In this document you are going to set up IDmelon as an external IdP to the Salesforce.

Login to Salesforce administration panel

In order to set up the connection, you will need to log into to your Salesforce administration panel.

To login to the Salesforce administration panel, click the Setting icon on the top right corner of Salesforce user panel page then Click Setup.

Add Identity Provider

In the Salesforce administration panel, from the side menu, navigate to the Security menu, then Click identity and finally select Single Sign-On Settings.

Then Check SAML Enable box from the main panel.
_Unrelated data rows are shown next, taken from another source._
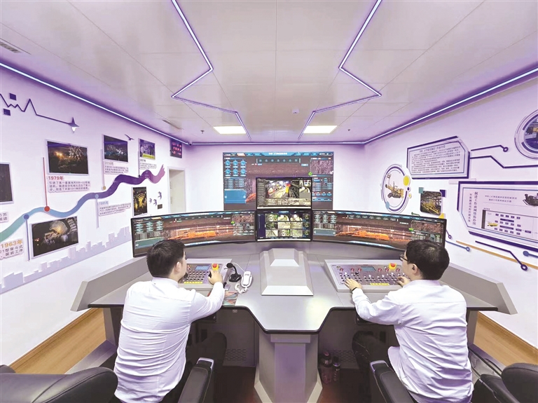 二矿掘进二队职工牛涛坐在干净的智能化掘进机操作间里工作。不同于往日,如今,他不是穿着绒衣绒裤、雨鞋,而是身着白衬衣、系着领带。轻点屏幕,他熟悉地进行一键启停操作,智能化设备立即开始作业。“在地面就能操作井下的设备,真好啊!”牛涛感叹道。
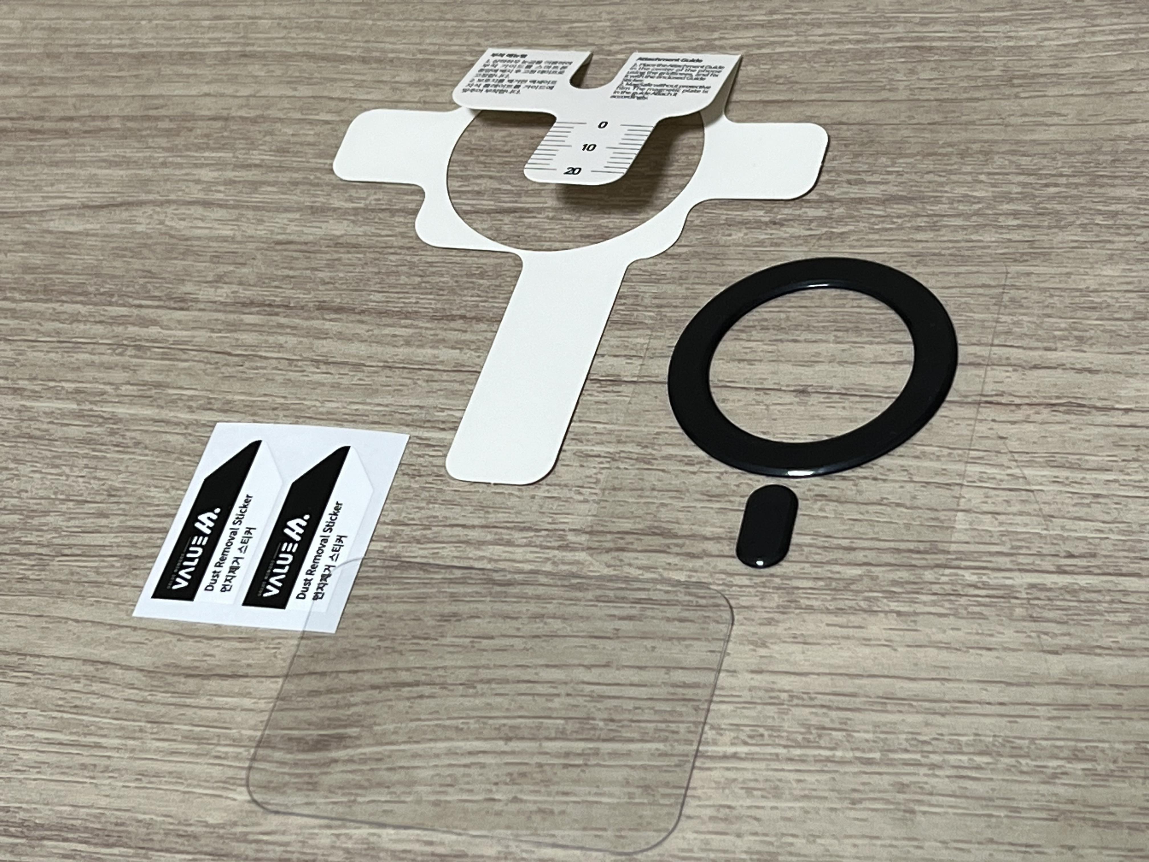 VALUE M 맥세이프 마그넷 플레이트는 위와 같은 구성품으로 되어 있습니다. 가장 오른쪽에 원형과 그 아래 타원형 스티커 형태의 자석이 주요 제품이고, 종이로 된 스마트폰 위치 잡아 주는 가이드, 먼지제거용 스티커 2개, 마그네틱 플레이트의 접착력을 높여주는 투명재질의 스티커가 들어 있습니다.
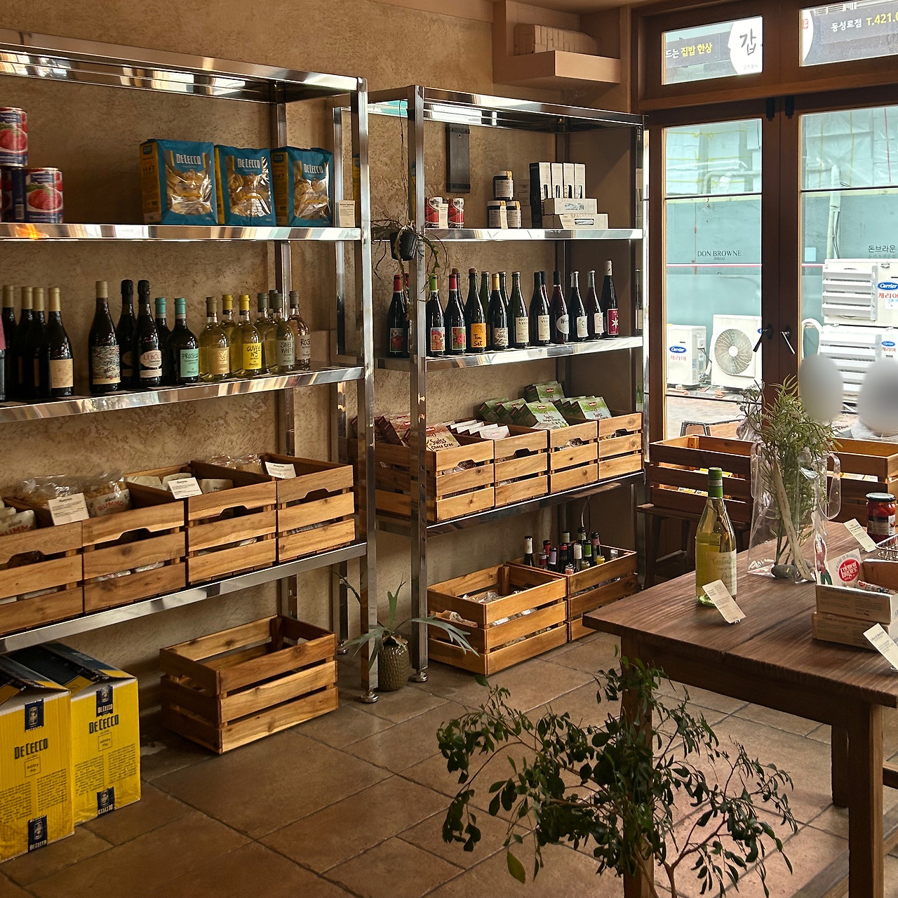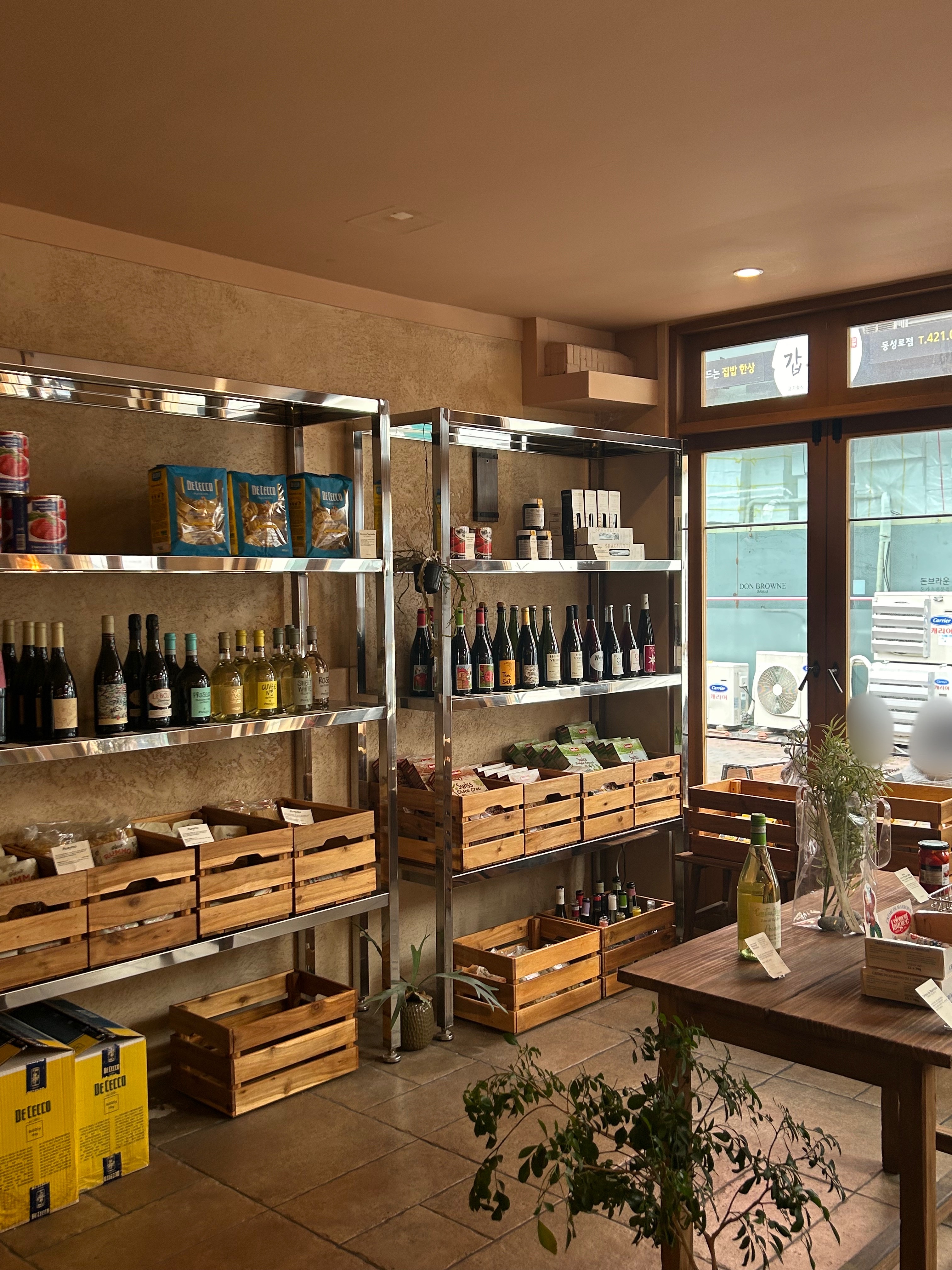 들어가자마자 그로서리 느낌이 나게 꾸며진 공간이 눈에 띄었어요.
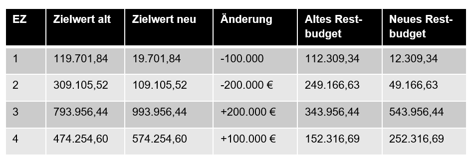 Mit Beschluss vom 29.02.2024 können von den definierten Einzelbudgets der jeweiligen Entwicklungsziele um bis zu 20% abgewichen werden, soweit die Gesamtsumme der zur Verfügung stehenden Fördermittel nicht überschritten wird.
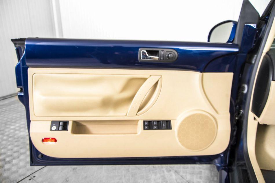 The Volkswagen New Beetle Cabriolet 1.4 Highline is a practical convertible with a dark blue colour and a mileage of 112,000 km. The car features an electric roof, which makes opening and closing easy. It also features electric door mirrors and seat heating, which increase comfort, especially in colder weather, it is great to turn on the seat heating or on a late summer evening to still be able to enjoy the lovely fresh air. The 1.4 petrol engine produces 75 hp, giving the car enough power for everyday use. The car has a 5-speed manual transmission. On average, it consumes about 7.1 litres of fuel per 100 km. The maintenance has been neatly done in recent years and stamped in the booklet and it has a usable boot of around 200 litres. The trim focuses mainly on simplicity and ease of use without elaborate technical gadgets. With no frills, this Volkswagen New Beetle Cabriolet is suitable for people looking for a convertible with basic comfort and the Beetle's familiar beetle look.
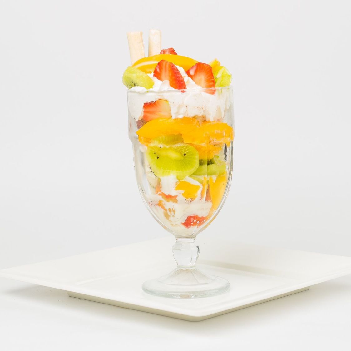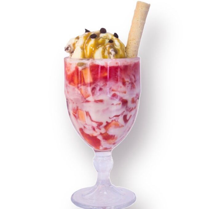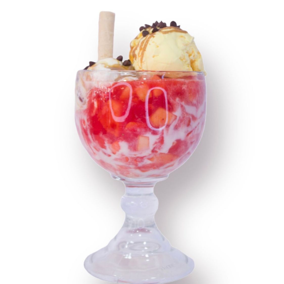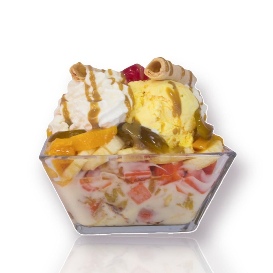 Deliciosa combinación de frutas bañada en yogurt o TRES LECHES con UNA porciones de helado, queso,chantilly,barquillo y salsa, EMPAQUE sello plus 12onz.
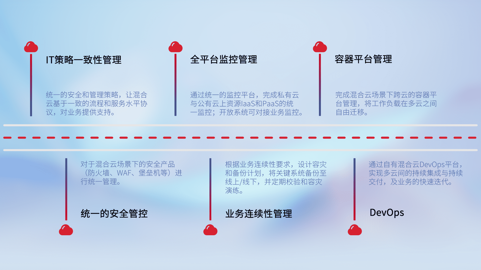 通过多云纳管,,以统一的资源数据模型把客户的云资源进行抽象和封装,,,,进而实现对多云资源的统一操作,,,保障云资源管理的可靠性、、稳定性与可用性。。。量身定制化运维内容,,,配置、、、、开发运维、、、补丁管理、、备份、、、监控、、、认证和访问管理、、、审计和日常巡检等,,,保障在用云过程中的可靠度,,,,稳定度以及高可用率。。。。
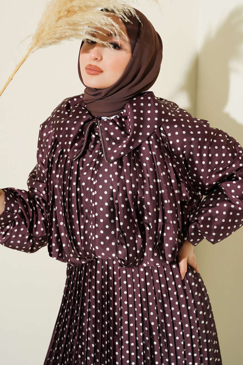 Puantiyeli Etekli İkili Takım Kahve
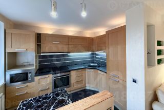 Продается с мебелью: Кухонная мебель с керамогранитной столешницей и раковиной. Встроенная техника ( плита, посудомоечная машинка, гриль, фритюрница, вытяжка Siemens, холодильник Liebherr, микроволновка). Вся мебель в квартире представленная на фотографиях. Встроенный сейф. Кондиционеры тепло/холод в каждой комнате. Полы: кухня -теплый пол, комнаты - штучный паркет из бамбука. В изолированной комнате рабочая зона отделенная от спальной оптимизирована под возможность размещения детской кроватки.
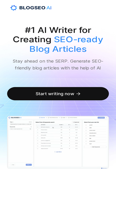 99%Meet BlogSEO AI, the best Shopify AI App & Shopify AI Writer that helps you create SEO-ready and human-friendly blog posts based on your Shopify products.
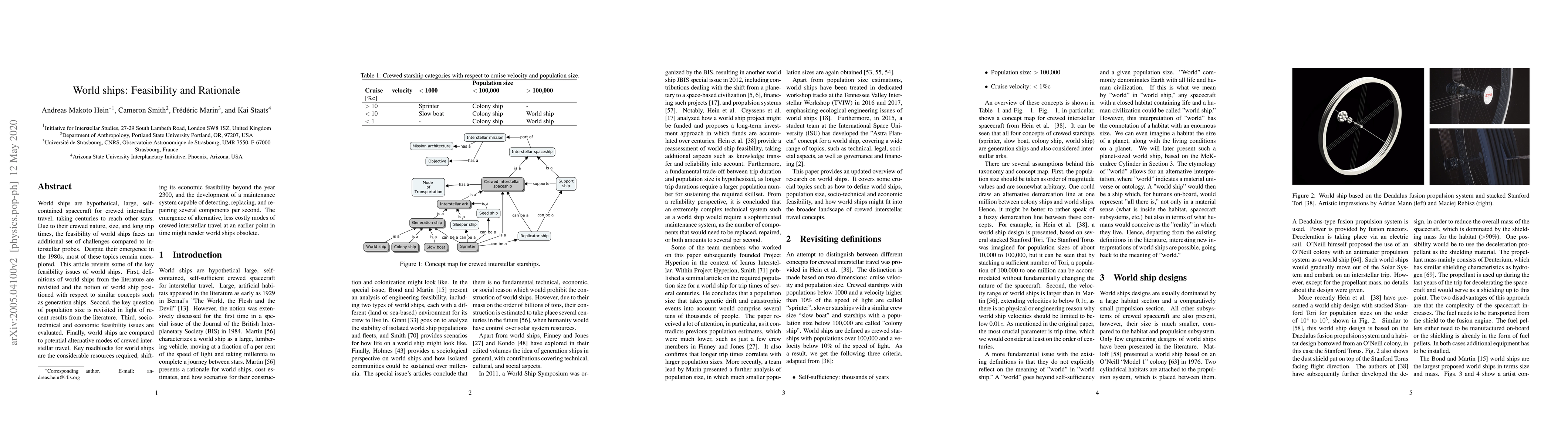 World ships are hypothetical, large, self-contained spacecraft for crewed interstellar travel, taking centuries to reach other stars. Due to their crewed nature, size, and long trip times, the feasibility of world ships faces an additional set of challenges compared to interstellar probes. Despite their emergence in the 1980s, most of these topics remain unexplored. This article revisits some of the key feasibility issues of world ships. First, definitions of world ships from the literature are revisited and the notion of world ship positioned with respect to similar concepts such as generation ships. Second, the key question of population size is revisited in light of recent results from the literature. Third, socio-technical and economic feasibility issues are evaluated. Finally, world ships are compared to potential alternative modes of crewed interstellar travel. Key roadblocks for world ships are the considerable resources required, shifting its economic feasibility beyond the year 2300, and the development of a maintenance system capable of detecting, replacing, and repairing several components per second. The emergence of alternative, less costly modes of crewed interstellar travel at an earlier point in time might render world ships obsolete.
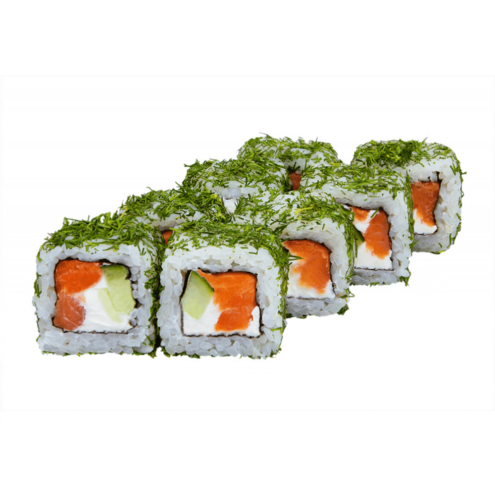 Лосось, рис, нори, сыр сливочный, огурец, укроп (соевый соус, имбирь и васаби в комплекте) *Внешний вид блюда может отличаться от картинки
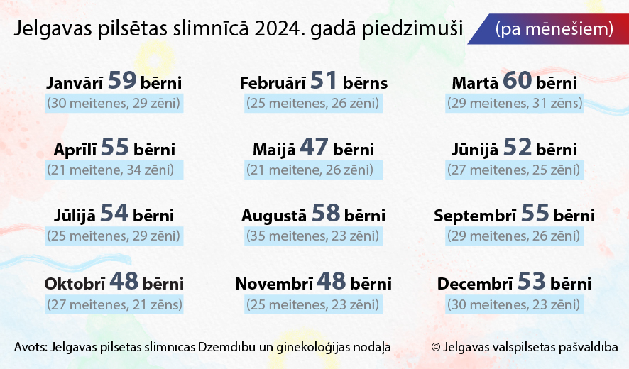 Dzimtsarakstu nodaļā aizvadītajā gadā reģistrēti 374 jelgavnieki – 185 meitenes un 189 zēni. Bet kopumā nodaļā veikti 594 dzimšanas reģistri, tostarp 188 bērni deklarēti Jelgavas novadā, bet 32 jaundzimušie deklarēti citā pašvaldībā.
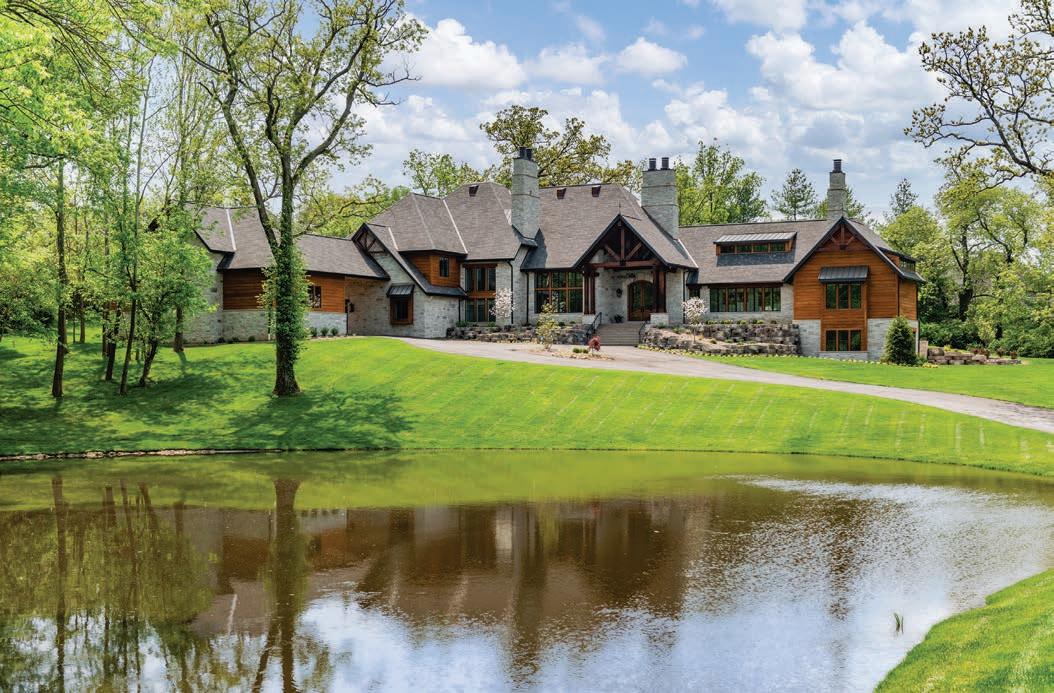 Situated on a 3-acre lot in Huntleigh, Missouri, this mountain home takes full advantage of its natural setting. Our design team carefully studied the property’s existing features — including a serene pond and gently sloping hill — to determine the optimal orientation. This thoughtful positioning not only ensures privacy from neighboring properties but also creates carefully framed views of the surrounding landscape. One of our primary challenges was maintaining the authentic character of mountain homes while incorporating abundant natural light. The solution? Strategic window placement and architectural details that respect the rustic home’s interior aesthetic while transforming its interior spaces. By incorporating elevated ceilings throughout, we were able to install dormer windows high on the walls, allowing natural light to cascade down into the living spaces below. The home’s design radiates from a central core comprising the kitchen, dining area and family room — spaces that foster connection and daily living. Guests are welcomed by a dramatic entry foyer featuring a large masonry see-through fireplace and an elegant groin vaulted ceiling, setting the tone for the sophisticated yet warm atmosphere that pervades this mountain rustic house. Throughout the 7,000 square feet of living space, our team incorporated numerous distinctive features that elevate the home beyond the ordinary. Five bedrooms and six full bathrooms, plus three half baths, ensure ample space for family and guests. The music room, complete with its own fireplace, provides an intimate setting for entertainment while a dedicated wine room adds a touch of sophistication to the home’s interior. This mountain rustic home stands as proof that natural beauty and modern comfort can coexist in perfect harmony.
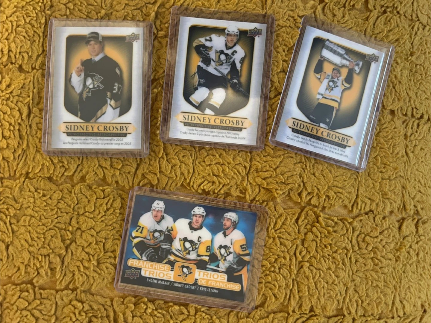 Selling a few Sidney Crosby and Pittsburgh Penguins hockey cards! These are from Upper Deck and feature Crosby in different stages of his career, including his early years and Stanley Cup wins. One card also features Malkin and Letang! A great addition for any hockey fan or card collector
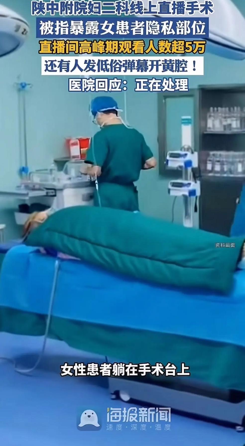 “现在的医生真是无法无天了。做手术敢直播,还敢不遮盖人家的隐私部位!”多名网友在社交平台曝光,陕西中医药大学附属医院妇二科在网络平台直播做手术,画面中直接出现女性患者隐私部位,多名网友举报后,直播中断。 手术直播暴露隐私,医疗底线何在? 做手术敢直播,还敢不遮盖人家的隐私部位!”近日,多名网友在社交平台愤怒曝光,陕西中医药大学附属医院妇二科在网络平台直播手术时,画面中竟直接出现女性患者隐私部位,此事件如一颗重磅炸弹,瞬间在网络上掀起轩然大波。 据网友爆料,2月2日晚,在该医院妇二科的直播画面里,一名女性患者躺在手术台上,下身隐私部位毫无遮掩地暴露在外,这一画面让众多网友惊愕不已。原本以为只是普通的医疗直播,没想到会看到如此不堪的一幕。直播间热度迅速攀升,高峰期观看人数一度达到5万多人。更令人气愤的是,直播间里竟有人弹幕开黄腔,发表低俗评论,而这样不尊重患者的直播在被多次举报后才中断。 事件发生后,陕西中医药大学附属医院迅速展开调查并发布情况通报。原来,2月2日18时,妇二科在其科室微信视频号进行直播教学,教学内容为压力性尿失禁手术治疗及并发症处理,教学期间间断播放了约4分钟的“经尿道中段无张力悬吊术”教学视频,该视频中出现了女性患者局部隐私部位,不过无可识别个人身份信息,且授课人员发现网友异常评论后立即中断了直播。 医院表示,这是将内部教学视频错误使用了公众平台进行网络直播学习,反映出医护人员网络素养的缺失和短板,也暴露出医院对科室学习管理工作存在漏洞和过失。目前,医院已关闭相关直播链接,在全院深入开展教学内容及平台渠道排查,并对妇二科负责人给予严重警告处分并停职检查,对负责审核的医务部有关责任人给予警告处分,相关院领导已报上级党委进一步处理。 医疗直播本是为了促进医学交流、普及医疗知识,但绝不能以牺牲患者隐私为代价。此次事件为所有医疗机构敲响了警钟,在追求医疗创新与传播的同时,必须坚守法律和道德底线,尊重和保护患者的合法权益。手术直播 不遮盖病人的隐私部位
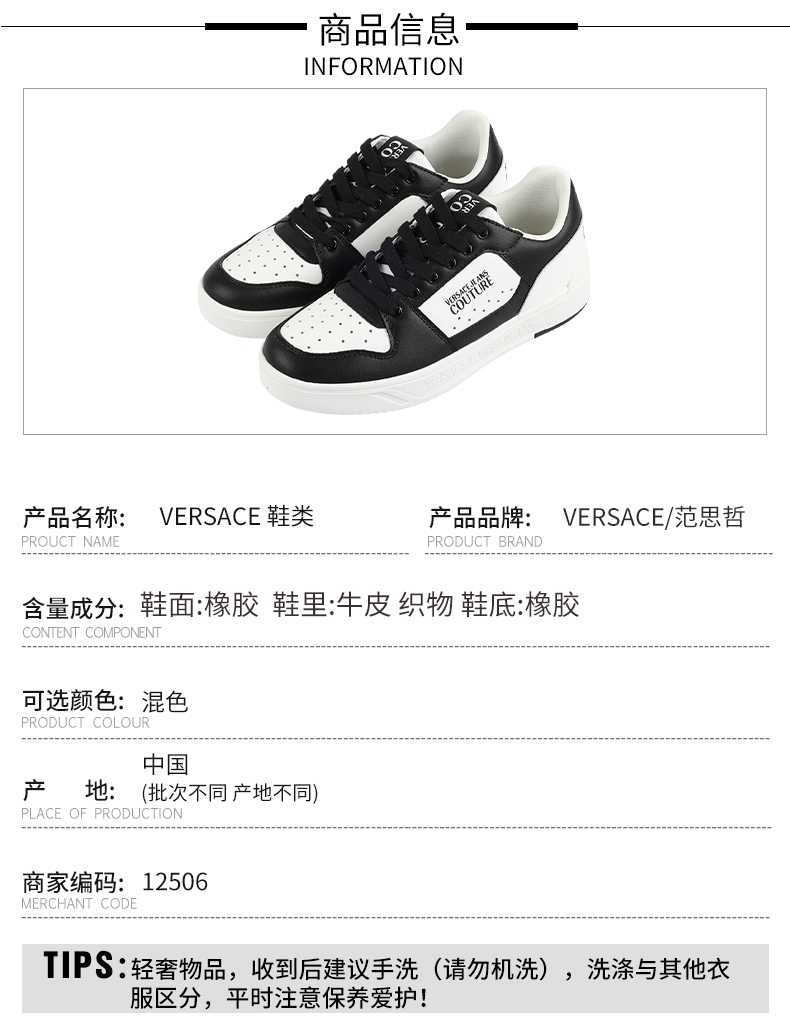 【超惠秒】Versace 范思哲 男士真皮简约百搭运动休闲鞋12506

Under Single Sign-On Settings Click New.

Configure SAML 2.0 IdP

To configure SAML 2.0 IdP, fill the values of settings as below.

Click Name: Your custom name

API Name: Your custom api name

Get all values for {..} from your IDmelon panel.
If you are currently login here, you will see the replaced values instead.

Issuer: {{idp_issuer_uri}}

Entity ID: Your custom salesforce portal

IdP Signature Certificate :{{idp_certificate_download_url}}

Request Signing Certificate :Your salesforce certificate

Request Signature Method :RSA_SHA256

Assertion Decryption Certificate : Assertion not encrypted or Your salesforce certificate

SAML Identity Type : SAML Identity Type

SAML Identity Location :Identity is in the NameIdentifier element of the Subject statement

Service Provider Initiated Request Binding : HTTP POST

Identity Provider Login URL :{{idp_single_sign_on_url}}

Custom Logout URL :{{idp_single_sign_on_url}}

Click Save.

IDmelon SAML configuration

After completing previous SAML Single Sign-On Settings section and submitting the form, you can see a new IdP added to your list.

You should upload metadata file from this Salesforce panel to IDmelon Panel.

Download -> Download Metadata File

You should copy values of below fields from the Salesforce panel to the IDmelon Panel:

Entity IDYour custom salesforce portal

Login URL : Copy and Paste to Assertion consumer service url

Logout URL : Copy and Paste to Single Sign Logout url

Add IDmelon to Salesforce Login Panel

In the Salesforce administration panel, from the side menu, navigate to the Company Settings menu, then Click My Domain.

Scroll down to Authentication Configuration menu, then Click Edit.

Under Authentication Configuration Dashboard, Check your custom IDP from Authentication Service check boxes.